Cheating in online games isn’t just a handful of shady players running hacks in their mom’s basement anymore. It’s an organized, global industry making millions every year. Researchers from the Universities of Birmingham and Warwick recently dug into the numbers, and what they found is staggering. Roughly 80 cheat-selling websites are pulling in anywhere from $12 million to $73 million annually.

Let that sink in for a moment. That’s the kind of money you’d expect from a successful indie game studio, not from selling aimbots and wallhacks.

Top Video Game Cheat Suppliers in the Market

The biggest name in the business right now is Engine Owning, a site pulling over half a million visits every month. Part of its success comes from pricing. Cheats there can cost less than $14 for a month’s subscription, with some going as low as $10. You don’t have to be a business genius to see why it’s so popular. It’s a low barrier for anyone willing to risk getting banned.

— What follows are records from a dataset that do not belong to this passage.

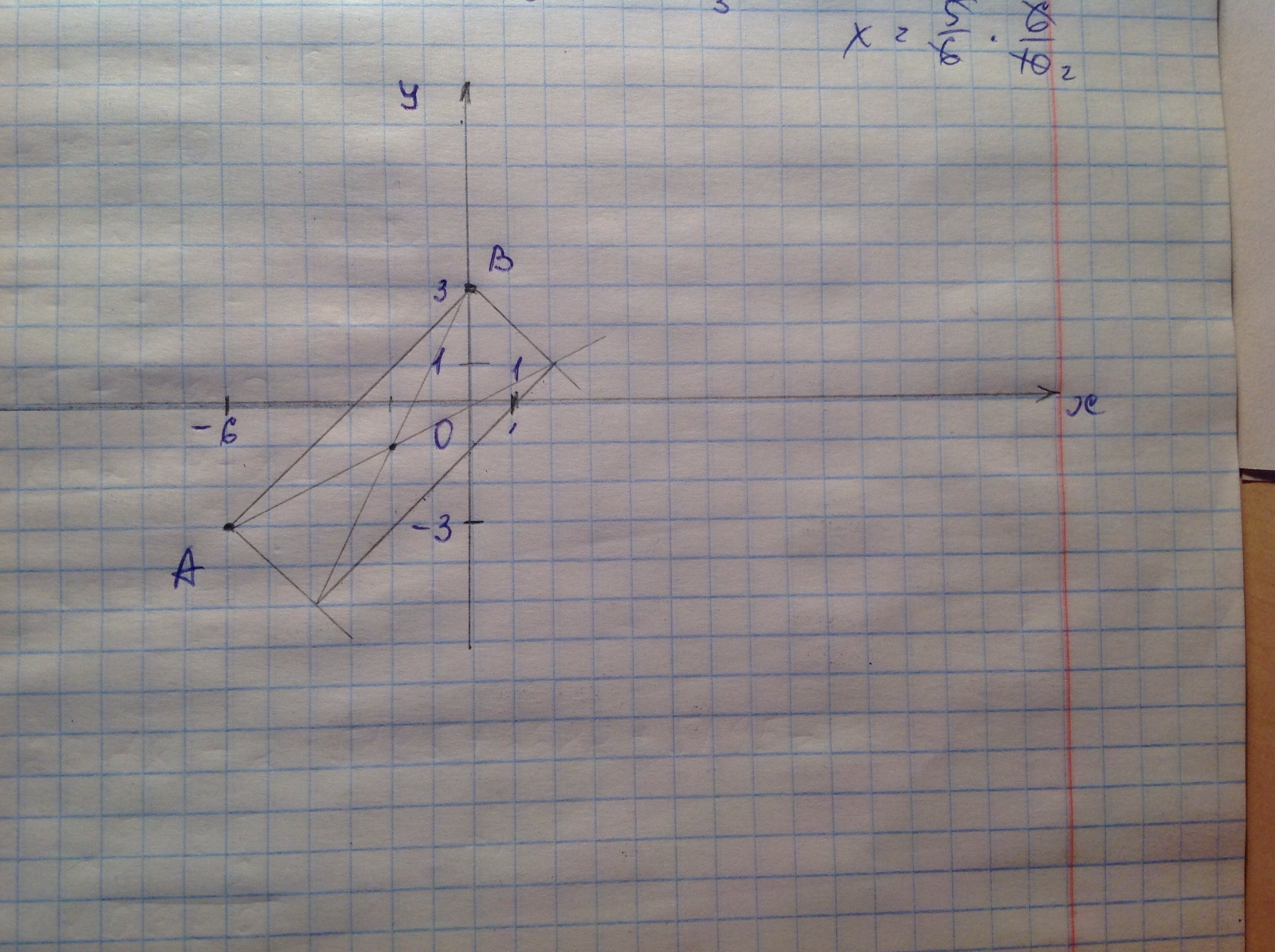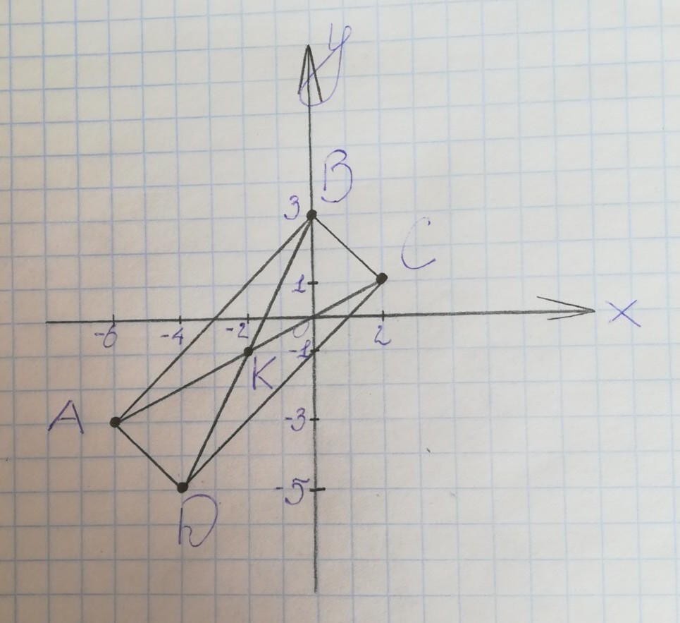 На координатной плоскости построить прямоугольник ABCD, где А(-6;-3) В(0;3), Сторона АВ перпендикулярна ВС, точка пересечения диагоналей К(-2;-1)
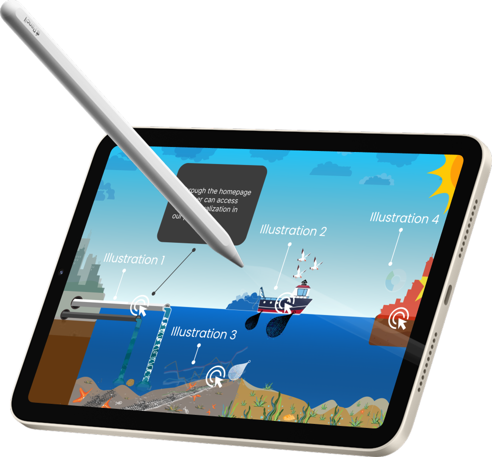 Four different interactive visualisations showing issues related to life under water caused by humans.
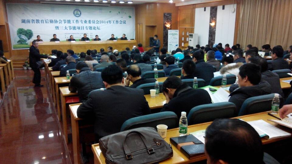 2014年12月25日至27日梁鐵虎、李建球代表本公司參加吉首大學召開的《湖南省教育后勤協會節能工作專業委員會2014年工作會議暨三大節能項目專題論壇》,共有38家單位參加本次會議專題論壇,與會代表240人。

On the other end of the spectrum, you have services like Veteran Cheats, which can charge over $250 for a month. Why so expensive? Because the more a game’s anti-cheat software resists tampering, the more work cheat developers have to put in and they charge accordingly.

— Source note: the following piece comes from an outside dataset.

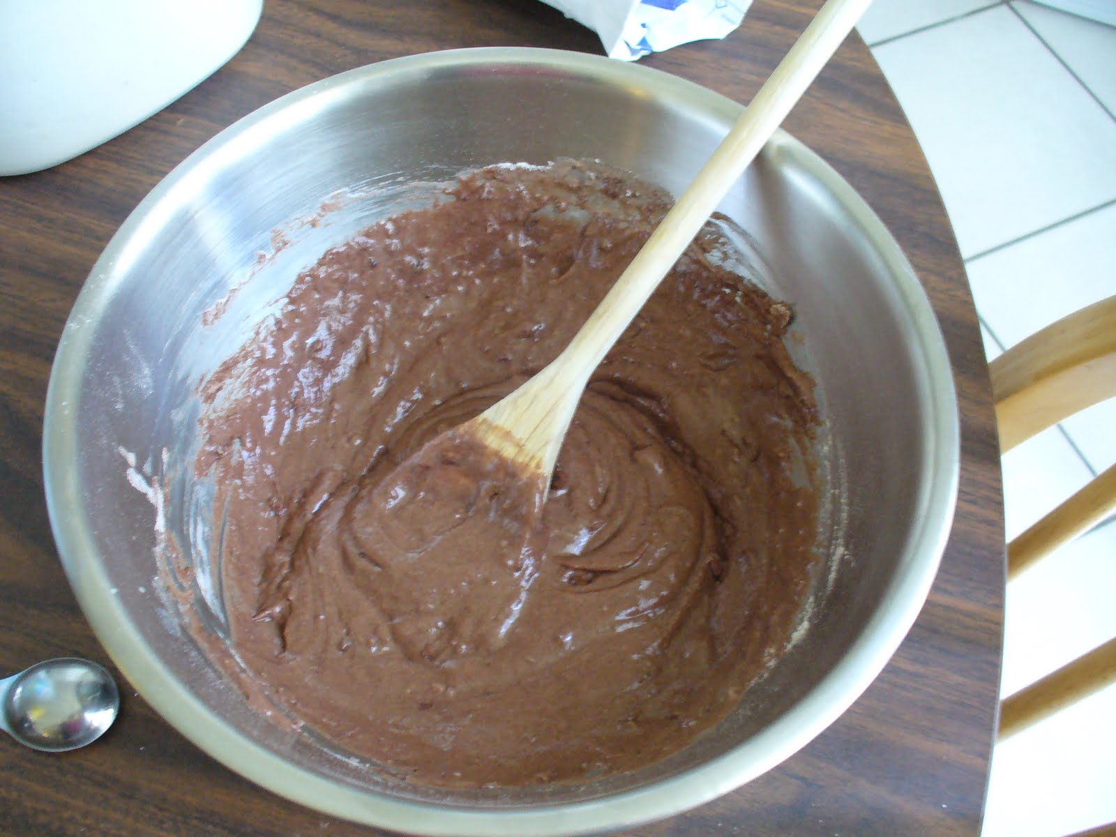 3. Stir in the milk, oil, vanilla until smooth. At this point you can add chocolate chips/and or nuts.
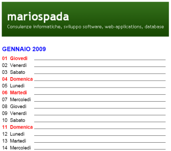 Per questi motivi, ed anche per imparare qualcosa di più sulle funzioni di data e ora in PHP, ho pensato di scrivere una classe in grado di generare il mio calendario da appendere in cucina!

Even New Games Aren’t Safe (Battlefield 6)

Take Battlefield 6, for example. Its PC open beta launched with a controversial requirement which is Windows Secure Boot. In theory, that’s supposed to make it harder for cheats to load before the game starts. In practice? Cheaters showed up almost immediately. Players were sharing clips of obvious hacks on day one.

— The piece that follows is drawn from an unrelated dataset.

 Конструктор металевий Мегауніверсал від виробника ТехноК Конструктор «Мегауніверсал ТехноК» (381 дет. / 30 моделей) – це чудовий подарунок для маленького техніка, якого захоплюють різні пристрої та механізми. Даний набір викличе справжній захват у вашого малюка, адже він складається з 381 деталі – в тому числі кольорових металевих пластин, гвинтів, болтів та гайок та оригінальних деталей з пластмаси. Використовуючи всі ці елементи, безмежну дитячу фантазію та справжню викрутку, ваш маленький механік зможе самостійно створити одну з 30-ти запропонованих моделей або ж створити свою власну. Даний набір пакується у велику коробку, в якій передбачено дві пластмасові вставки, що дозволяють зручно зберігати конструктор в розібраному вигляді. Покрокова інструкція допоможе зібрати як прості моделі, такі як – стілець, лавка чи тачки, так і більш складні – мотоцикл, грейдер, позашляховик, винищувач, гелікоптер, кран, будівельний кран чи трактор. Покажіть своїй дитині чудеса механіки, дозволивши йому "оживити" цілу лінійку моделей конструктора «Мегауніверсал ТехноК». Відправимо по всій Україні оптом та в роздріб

EA says they’ve already banned around 330,000 accounts during the beta, catching tens of thousands of offenders daily. So, is it working? Sort of. Secure Boot doesn’t magically make cheaters disappear, but it does make developing and running cheats more expensive and that’s the point.

The Anti-Cheat Dilemma

Next up, Call of Duty: Black Ops 7 will double down by requiring both Secure Boot and TPM 2.0. That’s basically kernel-level access to your PC, letting the anti-cheat software dig deep into your system. Sounds powerful, right? It is but it’s also risky. If something goes wrong, like with the recent CrowdStrike meltdown that bricked systems worldwide, the fallout could be massive.

That’s the balancing act developers face. How do you fight cheaters hard enough without alienating regular players?

Why This Matters to You

If you’ve been headshotted through a wall in Counter-Strike 2 or found yourself losing every fight in Fortnite, you know how much a single cheater can ruin a match. Multiply that by thousands of players, and it’s easy to see why game studios are willing to take risks with aggressive anti-cheat systems.

The reality is, cheating will never completely go away. But if making it more expensive and harder to pull off keeps even some bad actors out of your matches, that’s still a win for everyone else trying to play fair.

Because at the end of the day, games are supposed to be fun, and nothing kills the fun faster than realizing the other guy didn’t beat you… his $200 subscription did.